The Clean Air Act has a proven 40-year track record of cutting dangerous pollution to protect human health in a cost-effective manner that spurs innovation. According to EPA, the Clean Air Act prevented an estimated 843,000 asthma attacks, 18 million cases of respiratory illness among children, 672,000 cases of chronic bronchitis, 21,000 cases of heart disease, and 200,000 premature deaths.

The Clean Air Act continues to reduce air pollution and improve the health of children, seniors, and adults: the Clean Air Act has decreased lead emissions from cars by 95 percent, decreasing by 86 percent the number of children whose development is affected by lead exposure; by requiring all new diesel engines to be more than 90 percent cleaner, EPA will prevent more than 21,000 premature deaths and $160 billion in health costs every year by 2030; by phasing out the most dangerous ozone-depleting chemicals, EPA will cut the American incidences of non-melanoma skin cancer by 295 million by 2075; by launching the acid rain program, EPA has dramatically reduced soot and smog by levels that will reduce premature deaths by between 20,000 and 50,000 per year in 2010.

Since its enactment in 1970, the health benefits of the Clean Air Act have far outweighed industry's compliance costs, reducing toxic and health-threatening air pollutants by 60 percent while at the same time the economy grew by over 200 percent.

Now this legislation attempts to gut the Clean Air Act's pollution standards and repeal EPA's authority to limit health-threatening pollution in order to protect the profits of the big polluters.

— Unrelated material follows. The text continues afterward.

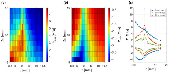 The axial evolution of the pressure field is summarized in Figure 5, which shows the dependence of positive and negative peak pressures on axial position and beam diameter. The maps reveal that the compressional peak Pmax is maximized for an intermediate diameter (2w ≈ 10 mm), where it reaches 7 MPa. In contrast, the rarefactional peak Pmin reaches its largest magnitude −4 MPa already at the smallest diameter (2w = 5 mm). At small diameters (2w ≤ 8 mm), focusing is weak, the positive pressure decreases monotonically with distance, and no well-defined focal region is formed. In contrast, for larger diameters (2w ≥ 12 mm), the pressure distribution narrows, resulting in stronger axial confinement of the pressure field and enhanced positive peak amplitudes at the focal plane.

It also prevents EPA from continuing to improve our health by updating its pollution standards and improving safeguards for public health. In addition, it repeals important Clean Air Act safeguards that are needed to create American clean energy jobs, reduce energy costs, reduce our dependence on foreign oil, and increase our economic competitiveness.

It's time for us to stand up for clean air and the health of the American people rather than work for the polluters who want to interfere with EPA's efforts to reduce life-threatening pollution and turn back the clock on air quality.

I urge my colleagues to oppose this amendment and oppose the continuing resolution.